Todd Lipcon todd at cloudera.com
Mon Jul 12 09:09:49 PDT 2010

Hi Peter,

This sounds interesting, and plausible to me (though I have no clue about
the codebase!)

I'm leaving for a trip for the next two weeks tomorrow, though, so not sure
I'll have a chance to try the patch before then. I'll certainly circle back
on this towards the end of the month.

Thanks again for all the continued help.


On Mon, Jul 12, 2010 at 9:02 AM, Peter Schuller <peter.schuller at infidyne.com
> wrote:

> > Am I missing some tuning that should be done for G1GC for applications
> like
> > this? Is 20ms out of 80ms too aggressive a target for the garbage rates
> > we're generating?
> I have never run HBase, but in an LRU stress test (I posted about it a
> few months ago) I specifically observed remembered set scanning costs
> go way up. In addition I was seeing fallbacks to full GC:s recently in
> a slightly different test that I also posed about to -use, and that
> turned out to be a result of the estimated rset scanning costs being
> so high that regions were never selected for eviction even though they
> had very little live data. I would be very interested to hear if
> you're having the same problem. My last post on the topic is here:
> http://mail.openjdk.java.net/pipermail/hotspot-gc-use/2010-June/000652.html
> Including the link to the (throw-away) patch that should tell you
> whether this is what's happening:
>   http://distfiles.scode.org/mlref/g1/g1_region_live_stats_hack.patch
> Out of personal curiosity I'd be very interested to hear whether this
> is what's happening to you (in a real reasonable use-case rather than
> a synthetic benchmark).
> My sense (and hotspot/g1 developers please smack me around if I am
> misrepresenting anything here) is that the effect I saw (with rset
> scanning costs) could cause perpetual memory grow (until fallback to
> full GC) in two ways:
> (1) The estimated (and possibly real) cost of rset scanning for a
> single region could be so high that it is never possible to select it
> for eviction given the asked for pause time goals.

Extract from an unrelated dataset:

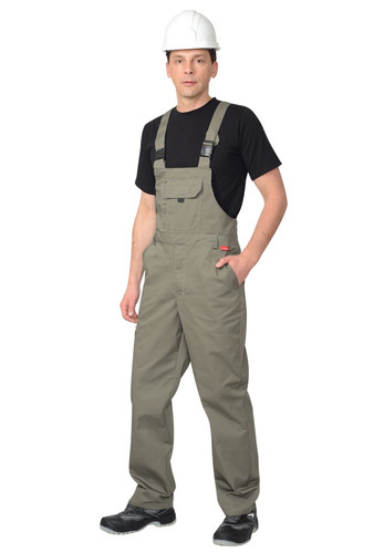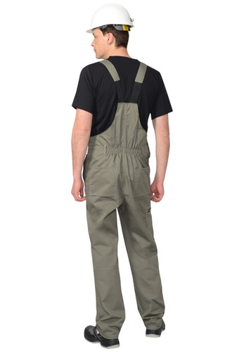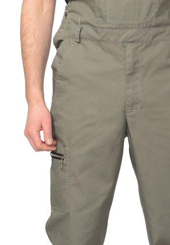 Полукомбинезон с застежкой гульфика на тесьму - «молния», с боковой застежкой на 3 петли и пуговицы. Передние половинки с внутренними боковыми карманами с «планками» с наклонным входом. На нагруднике выполнен фигурный накладной карман, с клапаном застегивающийся на «липучку». Задние половинки полукомбинезона с цельнокроеной спинкой с резинкой по спинке для лучшего прилегания, с двумя накладными карманами с нижним объемом. На правом боковом шве полукомбинезона настрочен карман, с горизонтальным входом в карман, застёгивающийся на металлическую тесьму «молнию».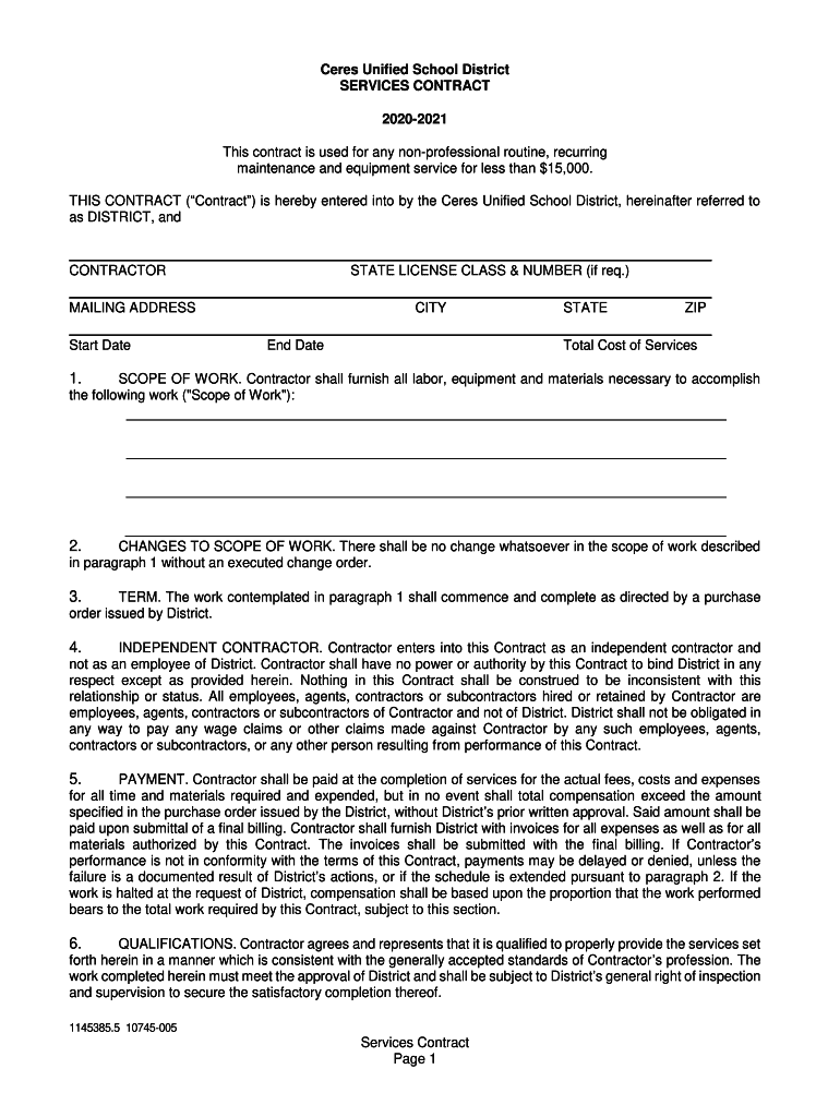 Ceres Unified School District SERVICES CONTRACT 20202021 This contract is used for any nonprofessional routine, recurring maintenance and equipment service for less than $15,000. THIS CONTRACT (Contract)

Hence, such a
> region effectively "leaks" until full GC.
> (2) The estimated (and possibly real) cost of rset scanning for
> regions may be so high that there are, in practice, always other
> regions selected for high pay-off/cost ratios, such that they end up
> never being collected even if theoretically a single region could be
> evicted within the pause time goal.
> These are effectively the same thing, with (1) being an extreme case of
> (2).
> In both cases, the effect should be mitigated (and have been in the
> case where I did my testing), but as far as I can tell not generally
> "fixed", by increasing the pause time goals.
> It is unclear to me how this is intended to be handled. The original
> g1 paper mentions an rset scanning thread that I may suspect would be
> intended to help do rset scanning in the background such that regions
> like these could be evicted more cheaply during the STW eviction
> pause; but I didn't find such a thread anywhere in the source code -
> but I may very well just be missing it.
> / Peter Schuller